State machines and Eiffel agents
Eiffel agents are very useful for writing state machine programs and can be used to model both the state of the machine and the transition action. The following class found in Eiffel-Loop is a very simple state machine that is surprisingly useful for many applications. It traverses a linear sequence of data objects, starting in an initial state and finishing either when the state becomes final or when the end of the line has been reached. To change the state of the machine all you have to do is assign the state attribute another agent with an open operand of type G. This defines both the state of the machine and the action to be taken when in that state.
class
EL_STATE_MACHINE [G]
feature {NONE} -- Initialization
make
do
state := agent final
create tuple
end
feature -- Basic operations
traverse (initial: like state; sequence: LINEAR [G])
--
local
final_state: EL_PROCEDURE
do
create final_state.make (agent final)
from
sequence.start; state := initial
until
sequence.after or final_state.same_procedure (state)
loop
call (sequence.item)
sequence.forth
end
end
feature {NONE} -- Implementation
call (item: G)
-- call state procedure with item
do
tuple.put_reference (item, 1)
state.set_operands (tuple)
state.apply
end
final (item: G)
--
do
end
state: PROCEDURE [like Current, TUPLE [G]]
tuple: TUPLE [G]
end
Some technical points
- The class EL_PROCEDURE was written expressly for the purpose of detecting whether two procedures represent the same routine using only the 'encaps_rout_disp' pointer attribute. But you do need to remember to force a C compilation in EiffelStudio for it to work.

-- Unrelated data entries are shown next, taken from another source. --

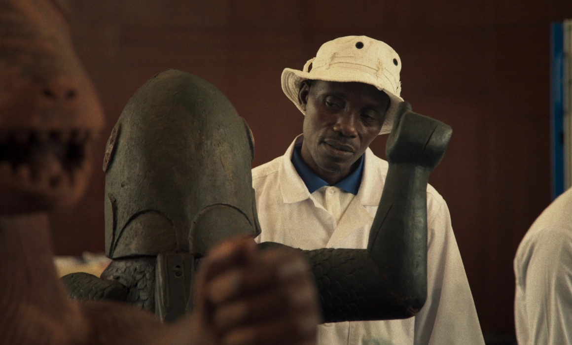 Dacă până aici poate sună ca un documentar destul de straightforward, ei bine, Diop – a cărei muncă a fost mereu preocupată nu doar de efectele colonialismului francez, ci și de spiritism, animism și ritual, mai ales in Atlantique – operează aici o schimbare de paradigmă, ducând în mod deliberat o bucată suficient de mare a filmului în zona ficțiunii. Artefactul numărul 26, corespunzând statuii regelui războinic Gezo, prinde viață și începe să grăiască în limba Fon despre ceea ce-a simțit în zecii de ani de „captivitate” petrecuți într-un tărâm străin, ce revine într-o lume ce-i pare irecognoscibilă. Monologurile sale poetice ne parvin ca și cum ar veni de dincolo de lumea celor vii, undeva între prorocirea divină a unui oracol și blestemul pe care-l aruncă asupra trecutului. Poate părea o alegere artistică auto-exotizantă, după cum au etichetat-o unii critici – însă textul profund poetic, scris și citit de scriitorul haitian Makenzy Orcel, dă o dimensiune mult mai amplă caracterului disruptiv și devastator al furtului acestor statui și artefacte.
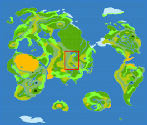 北西の大陸に大森林があり、四つの岩があるので、中央の地面を調べるとせかいじゅのはが入手できる
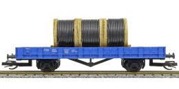 | nízkostěnný nákladní vůz modrý s nákladem tří bubnů kabelů „Elektrizace železnic“ |

- The operands are set using a class tuple attribute rather than state.call ([item]) in order to reduce garbage collection.
A state machine for line processing
A useful implementation of EL_STATE_MACHINE is the following class which can be used to process lines of text from a file or some other source.
class
EL_PLAIN_TEXT_LINE_STATE_MACHINE
inherit
EL_STATE_MACHINE [EL_ASTRING]
rename
traverse as do_with_lines
end
feature -- Basic operations
do_once_with_file_lines (initial: like state; lines: EL_LINE_SOURCE [FILE])
do
do_with_lines (initial, lines)
lines.close
end
end
A utility example
Here is presented a utility illustrating the use of EL_PLAIN_TEXT_LINE_STATE_MACHINE. It operates on an Eiffel source file expanding a shorthand notation for common coding patterns as follows.
1. Expand feature codes
Expand lines beginning with @f xx where xx is a two letter code representing one of the standard feature group catagories: Access, Element Change, etc. Lines beginning with @f {xx
will be expanded as feature {NONE} -- <group name>
.For example: @f {in
expands as feature {NONE} -- Initialization
.
2. Expand argument assignments
Expand routines containing shorthand for attribute assignments, inserting an assignment line. For example this shorthand codefeature {NONE} -- Initialization
make (output_file_path:@; input_file_path:@)
--
do
endwill be expanded asfeature {NONE} -- Initialization
make (a_output_file_path: like output_file_path; a_input_file_path: like input_file_path)
--
do
output_file_path := a_output_file_path; input_file_path := a_input_file_path
end
3. Expand setter notation
Expand the notation for set attribute procedures so for example this code:feature -- Element change
@set bit_rate_per_channelfeature -- Element change
set_bit_rate_per_channel (a_bit_rate_per_channel: like bit_rate_per_channel)
do
bit_rate_per_channel := a_bit_rate_per_channel
end
4. Sort features alphabetically
Reorder features within a group so the names will appear in alphabetical order in the EiffelStudio feature view.
Feature editor class
This is code for the top level class that achieves all that using the EL_PLAIN_TEXT_LINE_STATE_MACHINE class.class
EIFFEL_FEATURE_EDITOR
inherit
EL_COMMAND
EL_PLAIN_TEXT_LINE_STATE_MACHINE
rename
make as make_machine
redefine
call
end
EL_MODULE_LOG
FEATURE_CONSTANTS
create
make, default_create
feature {EL_COMMAND_LINE_SUB_APPLICATTION} -- Initialization
make (a_source_path: like source_path)
do
make_machine
source_path := a_source_path
create class_header.make (20)
create feature_groups.make (8)
create class_footer.make (1)
create code_line.make_empty
end
feature -- Basic operations
execute
local
input_lines: EL_FILE_LINE_SOURCE
output: EL_PLAIN_TEXT_FILE
output_lines: EL_ARRAYED_LIST [READABLE_STRING_GENERAL]
do
log.enter ("execute")
create input_lines.make_latin_1 (source_path)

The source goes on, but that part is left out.